### Assigned task:
The first line of the listing opens the range and the line with "Kolejne co napisałeś" closes it; repeat those lines and all between them word for word, leaving out the pictures.
=== Section Start ===
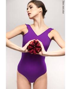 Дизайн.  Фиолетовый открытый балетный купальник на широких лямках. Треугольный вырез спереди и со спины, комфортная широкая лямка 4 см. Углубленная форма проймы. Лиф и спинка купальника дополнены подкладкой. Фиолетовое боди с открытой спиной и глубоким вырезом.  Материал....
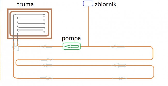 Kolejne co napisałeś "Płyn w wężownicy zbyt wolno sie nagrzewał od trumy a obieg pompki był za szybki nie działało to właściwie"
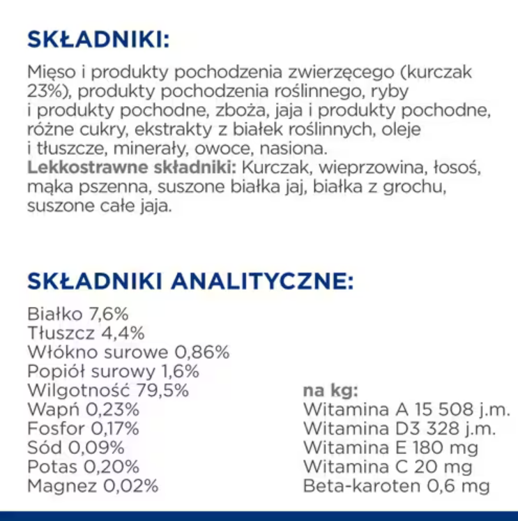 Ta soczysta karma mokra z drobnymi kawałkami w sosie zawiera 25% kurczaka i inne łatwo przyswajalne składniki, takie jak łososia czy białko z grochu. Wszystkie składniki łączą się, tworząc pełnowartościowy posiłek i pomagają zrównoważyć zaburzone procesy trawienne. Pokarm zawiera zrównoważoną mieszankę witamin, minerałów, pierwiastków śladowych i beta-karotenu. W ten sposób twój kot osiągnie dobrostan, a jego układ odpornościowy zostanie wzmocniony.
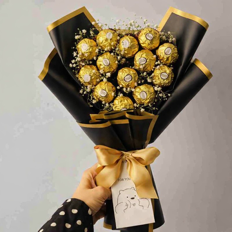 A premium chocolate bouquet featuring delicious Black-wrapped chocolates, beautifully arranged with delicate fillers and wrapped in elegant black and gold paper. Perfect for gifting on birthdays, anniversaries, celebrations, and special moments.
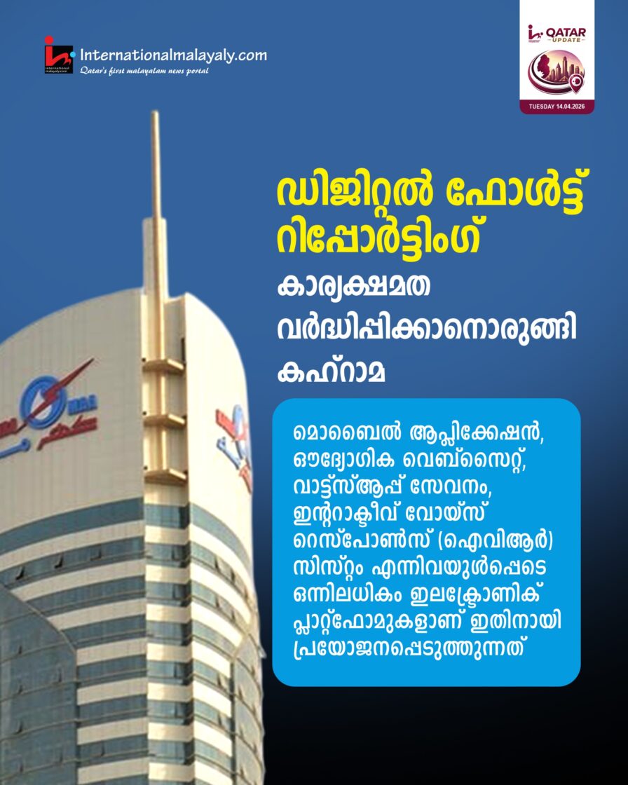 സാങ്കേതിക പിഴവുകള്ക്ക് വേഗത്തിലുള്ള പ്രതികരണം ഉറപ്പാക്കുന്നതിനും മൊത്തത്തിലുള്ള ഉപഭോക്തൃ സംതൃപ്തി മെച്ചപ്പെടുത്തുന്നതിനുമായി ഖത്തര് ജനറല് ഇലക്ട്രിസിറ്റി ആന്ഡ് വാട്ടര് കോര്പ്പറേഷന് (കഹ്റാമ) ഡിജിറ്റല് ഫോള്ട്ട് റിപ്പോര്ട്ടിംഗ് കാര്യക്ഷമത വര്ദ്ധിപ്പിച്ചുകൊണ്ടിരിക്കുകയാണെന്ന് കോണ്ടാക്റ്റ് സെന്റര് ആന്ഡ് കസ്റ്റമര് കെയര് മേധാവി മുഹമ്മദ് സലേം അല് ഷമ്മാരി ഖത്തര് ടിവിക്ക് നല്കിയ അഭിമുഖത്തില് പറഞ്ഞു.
=== Section End ===
### Solution to this exercise:
 Дизайн.  Фиолетовый открытый балетный купальник на широких лямках. Треугольный вырез спереди и со спины, комфортная широкая лямка 4 см. Углубленная форма проймы. Лиф и спинка купальника дополнены подкладкой. Фиолетовое боди с открытой спиной и глубоким вырезом.  Материал....
 Kolejne co napisałeś "Płyn w wężownicy zbyt wolno sie nagrzewał od trumy a obieg pompki był za szybki nie działało to właściwie"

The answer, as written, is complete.